Sur les dommages et intérêts pour licenciement sans cause réelle et sérieuse :
En application de l’article L1235-5 du code du travail alors en vigueur et compte tenu de l’ancienneté du salarié (inférieure à deux ans), de son âge (vingt-neuf ans) au moment de la rupture ainsi que de l’absence d’éléments sur sa situation actuelle, il convient de lui allouer la somme de 4000 euros nets à titre de dommages et intérêts pour licenciement sans cause réelle et sérieuse.

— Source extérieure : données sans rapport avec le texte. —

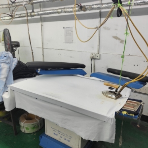 裤头车:2台,自动拉布机:1台,松布机:1台,定扣机:3台,验布机:1台,钉扣:2台,平眼:1台,平车:20台,电烫炉:4台,针扣机:1台,直眼:1台,电脑凤眼:1台,打边机:6台,双针车:6台,电剪:6台,烫台:4台,唛架机:1台,锅炉:1台,水空调:6台,裁床:2台,五线:3台,四线:22台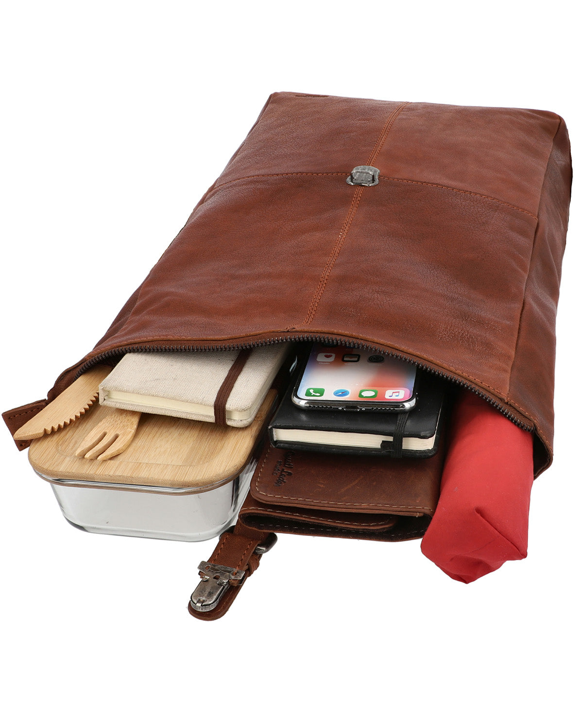 Anche se "Valja" contiene solo circa 9 litri, offre abbastanza spazio grazie alla pelle di capra di alta qualità per vari quaderni, portafoglio, astuccio e provviste. Una piccola tasca segreta sul retro, chiudibile con cerniera, garantisce ulteriore sicurezza. La chiusura a scatto in metallo completa il design e protegge i tuoi beni in modo affidabile da vento, intemperie e polvere. Un fedele compagno per il tuo perfetto look vintage.

Sur la demande reconventionnelle en remboursement du trop-perçu d’indemnité légale de licenciement :
En application des dispositions de l’article L 1234-9 et de l’article R 1234-2 du code du travail alors en vigueur, le salarié qui disposait au moment du licenciement d’une ancienneté de seize mois et six jours, déduction faite des absences pour maladie d’un total de trois mois, avait droit, compte tenu de la moyenne de ses trois derniers salaires qui s’établit à la somme de 1780,98 euros, à une indemnité légale de licenciement de 480,86 euros. Il n’est pas sérieusement contesté que Monsieur X a perçu une comme de 3100 euros à ce titre ,ce qui représente un trop-perçu de 2619,14 euros qu’il sera condamné à rembourser à son employeur en l’absence de démonstration de la volonté de celui-ci de le gratifier au delà de ce qui est légalement prévu.
Sur les frais irrépétibles:
En considération de l’équité, il y a lieu d’allouer à Monsieur X la somme de 2000 euros en application des dispositions de l’article 700 du code de procédure civile au titre des frais irrépétibles de première instance et d’appel.
Sur les dépens:
La Sas Alseamar, qui succombe en partie, supportera la charge des entiers dépens de première instance et d’appel.
PAR CES MOTIFS:
La cour, statuant publiquement, par arrêt contradictoire, en matière prud’homale et par mise à disposition au greffe:
Prononce la nullité du jugement déféré.
Statuant à nouveau en fait et en droit,
Condamne la Sas Alseamar à payer à Monsieur A X les sommes suivantes :
— 4000 euros nets à titre de dommages et intérêts pour licenciement sans cause réelle et sérieuse,
— 2000 euros en application des dispositions de l’article 700 du code de procédure civile,
Condamne Monsieur A X à rembourser à la Sas Alseamar la somme de 2619,14 euros nets à titre de trop perçu d’indemnité légale de licenciement,
Déboute les parties pour le surplus,
Condamne la Sas Alseamar aux entiers dépens de première instance et d’appel.